Now: Yeah nah. See earlier comment about being fine at home and why. My work is now at home and I’m discovering good things about online modes of engagement all the time. Those who know me will know that I am a mole-person who can do very well without having to be outside, or in wide open spaces. So, isolating at home for me is not as much of a chore as it is for others.
- Just getting what I want from the shops.
Now: We order in groceries regularly and, now that they have also adapted to COVID life, the service is usually prompt and we usually get what we order.
- Looking forward to things.
Now: This is still a thing. Even though we’re all settling in for the long-haul now, things still feel like they’re in stasis. I’m not even looking forward to returning to ‘normal’ because I don’t really think that’s going to happen for a long while, if ever. Pandemic context aside, life is OK. I’m privileged to be able to say that, and the rhythm of my days is consistent. I had my birthday in isolation, and my lovely workmates sent me a glorious box of baked goods that included the cupcake featured above.

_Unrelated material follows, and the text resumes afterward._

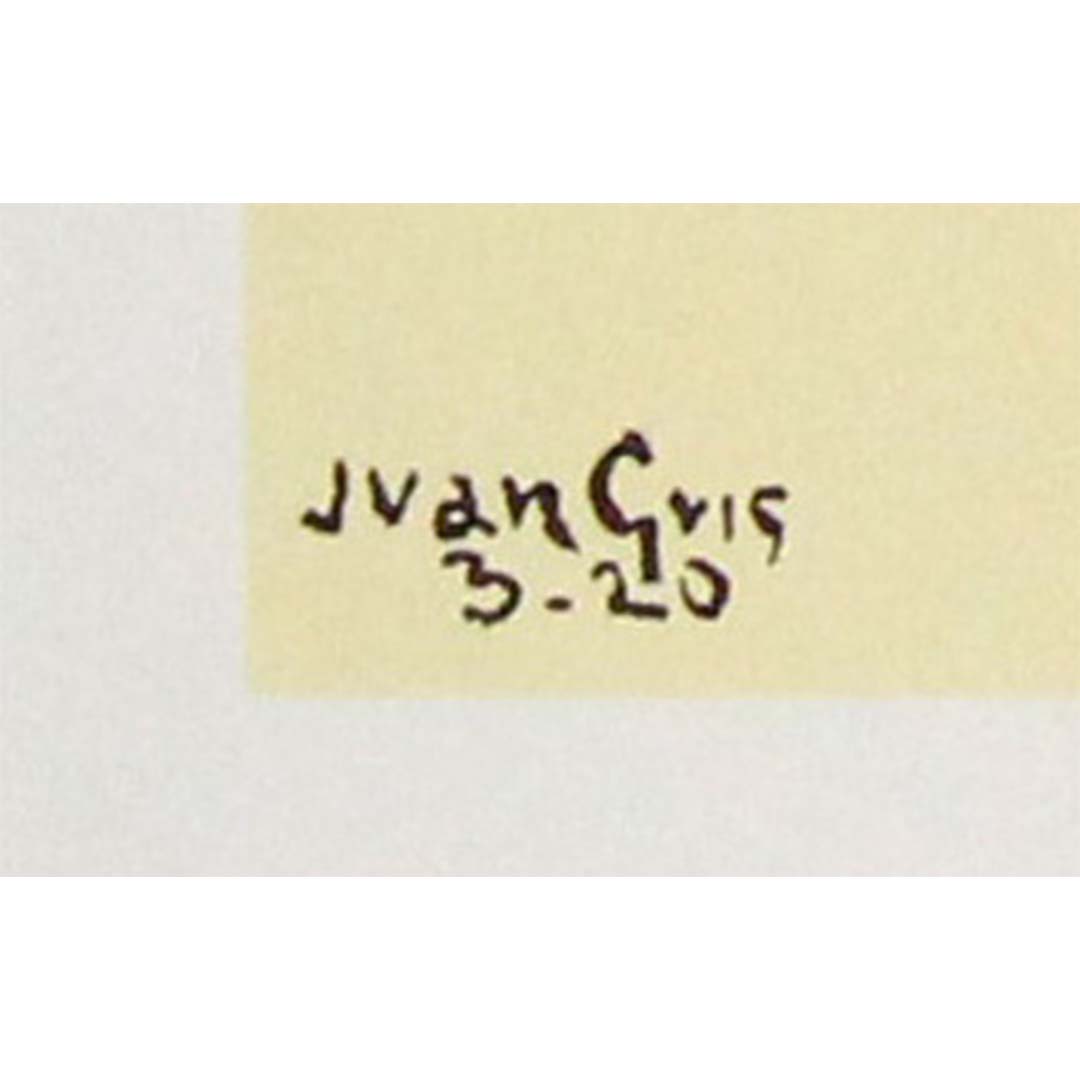 Cette reproduction d'affiche a été réalisée selon des normes de qualité élevées sous la direction de Silvio Zamorani, éditeur d'art renommé basé à Turin, en Italie, reconnu pour diffuser des estampes de qualité muséale auprès d'un large public. Elle comprend la signature et la date de l'œuvre originale (Juan Gris, 5-20) en fac-similé en bas à gauche, et présente le nom de l'artiste de manière simple et élégante sous l'image : « JUAN GRIS ».

In addition to revisiting these elements from the previous post, I have a few other realisations after four months at home:
We don’t need that much.
We aren’t eating out. I haven’t had a proper barista coffee since lockdown back in March. We haven’t browsed our favourite second-hand shop (where we normally buy a random assortment of things) and we haven’t bought any clothing for ourselves (except for a couple of shirts for my son as part of his birthday present). This goes along with the ‘only getting what I want from the shops’ comments. Even though we regularly have deliveries now, the fact that we have to think ahead to order means that we’re much more considered and strategic about what we’re getting. And if we don’t have it, we just do without.
Collaborations are still happening – if not happening more – across the internets.

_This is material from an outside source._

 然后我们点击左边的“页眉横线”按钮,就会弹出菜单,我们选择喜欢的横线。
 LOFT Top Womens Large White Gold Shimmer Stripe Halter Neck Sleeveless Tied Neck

Right now, I am now working with a broader range of colleagues from around the world than I previously had been. From inviting long-time Twitter buddies Raul Pacheco-Vega (@raulpacheco, Mexico) and Jen Polk (@FromPhDToLife, Canada) to be part of Whisperfest with me (more details soon); to writing a book with Jonathan (my Research Whisperer co-conspirator) and one of our longest-serving Research Whisperer allies Phil Ward (@frootle, UK); to co-presenting a session with a new buddy Erika Smith (@erikasmith; Canada); to co-authoring with my local team buddy Jamie Burford, and colleagues interstate and further afield in the UK and USA.
Would these have happened without COVID life and the ‘new normal’ online? Possibly half of them would have. I’d say that the readiness to reach out and include those who aren’t in our immediate vicinity, however, has really come to the fore.

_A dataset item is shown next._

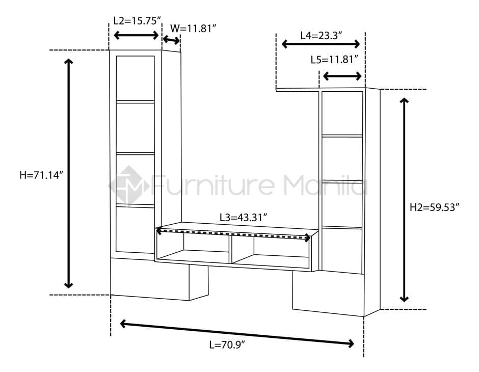 - Dimension: L70.9″ x W11.81″ x H71.14″

Toasted sandwiches are still desirable.
That is all.
I still don’t miss my commute.
Apparently, some people are missing their commute. When I shared the article on Twitter, a bunch of colleagues responded, mostly to agree that they didn’t miss their commutes either, but a fair number noted that the ‘buffering time’ between home and work that a commute offered was now gone. In addition, people had used their commute time as quality alone time with books (hardcopy and audio), podcasts, etc., and they are finding that now it’s difficult to find time for these activities.
I did miss reading as I did a LOT of that during my commute. Weekends have become perfect for that, however, as we aren’t going anywhere and that old armchair in the backyard gets some warming sun on it, even during the Melbourne winter.